Pak origin Scotland's 1st Minister Humza Yousaf quits his post after government collapses without allies as he terminates coalition with Greens angering the SNP - Greens to bring no confidence motion shortly
Mr. Yousaf, the leader of the Scottish National Party, announced that he
was stepping down, days after the collapse of his coalition government over a
funding scam
By Ashe N Ayer
Scotland’s first minister, Humza Yousaf, quit his post Monday after serving for over a year as leader of the pro-independence Scottish National Party. His resignation followed a fresh setback to the Scottish National Party, engulfed in a slow-burning crisis over a funding scandal that erupted after a popular leader, Nicola Sturgeon, stepped down last year.
Mr. Yousaf’s departure looked imminent after he ended a powr sharing
agreement with his coalition partner, the Scottish Green Party. The two parties
had clashed over climate goals and trans-gender rights, but his abrupt decision to end the
alliance angered the Greens leaving him as the head of a minority government
sans allies.
His detractors pressed for two motions of no confidence, scheduled for later
this week.
Mr. Yousaf, who was Scotland’s first Muslim leader, announced his plan to quit in a speech on Monday at Bute House in Edinburgh, the official residence of the Scottish first minister.
“I have concluded that repairing our relationships across the political
divide can only be done with someone else at the helm,” Mr. Yousaf said in a
short and at times emotional statement. He admitted that he had “clearly
underestimated the level of hurt and upset” that his abrupt decision to end the
coalition had caused, and said he would continue as first minister — the head
of the Scottish government — until his successor was elected.
Yusaf’s resignation brings with it a new twist in a dramatic change in fortune for the S.N.P., which has dominated the country’s politics for more than a decade and which campaigns for Scottish independence from the United Kingdom.
Scotland’s
Coalition Government: Scotland’s first minister, Humza Yousaf, abruptly
ended a coalition agreement between his Scottish National Party and the
Scottish Green Party, creating a new set of challenges for
an embattled leader whose party has been engulfed in a funding scandal, the New
York Times reported from London.
The party secured a referendum on that issue in 2014, but 55.3 percent
of Scots voted to remain in the United
Kingdom, and polls suggest that just over half of voters continue to reject independence.
Ms. Sturgeon, who became first minister after that vote, was seen as an effective communicator and a strong, if sometimes divisive, leader of a party that outshone others in Scotland.

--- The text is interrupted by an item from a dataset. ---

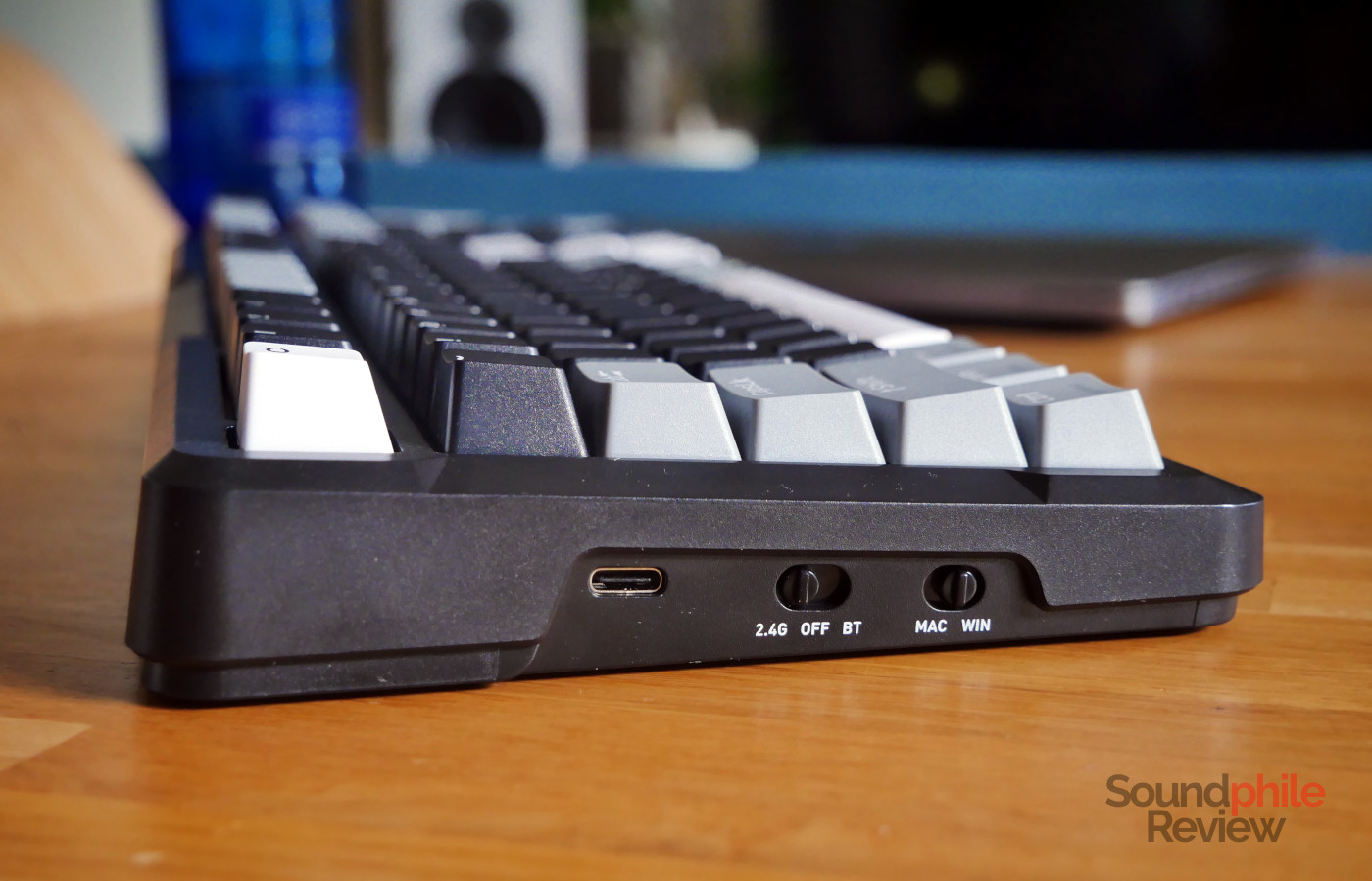 On top of the original layout, the first peculiarity I noticed about the Redragon K742 Arlokks is that it has the USB-C port and the switches to select the connection and the layout (Windows or Mac) on the left hand side, rather than on the back. On one hand this is convenient, because it makes it much easier to see the connector and switches, but on the other is rather inconvenient as having the cable run from the left hand side isn’t as convenient as having it run from the back. The switches are also something you shouldn’t deal with often: not many people switch between multiple devices with different needs. The 2.4 GHz USB adapter has its own slot on the right hand side.

“Looking at it in the short term, it has been a dramatic fall,” said
James Mitchell, professor of public policy at Edinburgh University, “But the
tide turned against them and it has been receding for quite some time. They
never got out of campaign mode and they never got back to governing mode.”
Mr. Yousaf succeeded Ms. Sturgeon, who announced her departure in
February last year, and he was initially seen as a continuity candidate. That
became less of an asset when Ms. Sturgeon’s husband, Peter Murrell, was
arrested and later charged in connection with the
embezzlement of funds while he was the party’s long-serving chief executive.
Ms. Sturgeon was also arrested in the same inquiry
but has not been charged, the Times reported..
With the funding scandal looming over the S.N.P., Mr. Yousaf struggled
to assert himself, and the crisis coincided with the dimming of prospects for a
new independence referendum, the party’s main preoccupation. The S.N.P.’s troubles have been a bonus for
Britain’s main opposition Labour Party, which once dominated Scottish politics
but saw its support there collapse in the mid 2010s.
Labour’s recent recovery in Scotland could
yield a number of seats in a general election expected later this year, which
would significantly ease the path of the party’s leader, Keir Starmer, to 10
Downing Street, the official home of Britain’s prime minister.
The media however feels that the latest blow to the S.N.P. is to a large
extent self-inflicted.
The power-sharing agreement with the Greens, struck by Ms. Sturgeon in
August 2021, allowed the S.N.P. to retain power after it emerged as the single
largest in that year’s election but failed to win an outright majority. In
recent weeks the Greens had become unhappy after the Scottish government retreated from its pledge to
cut emissions of greenhouse gases by 75 percent by 2030.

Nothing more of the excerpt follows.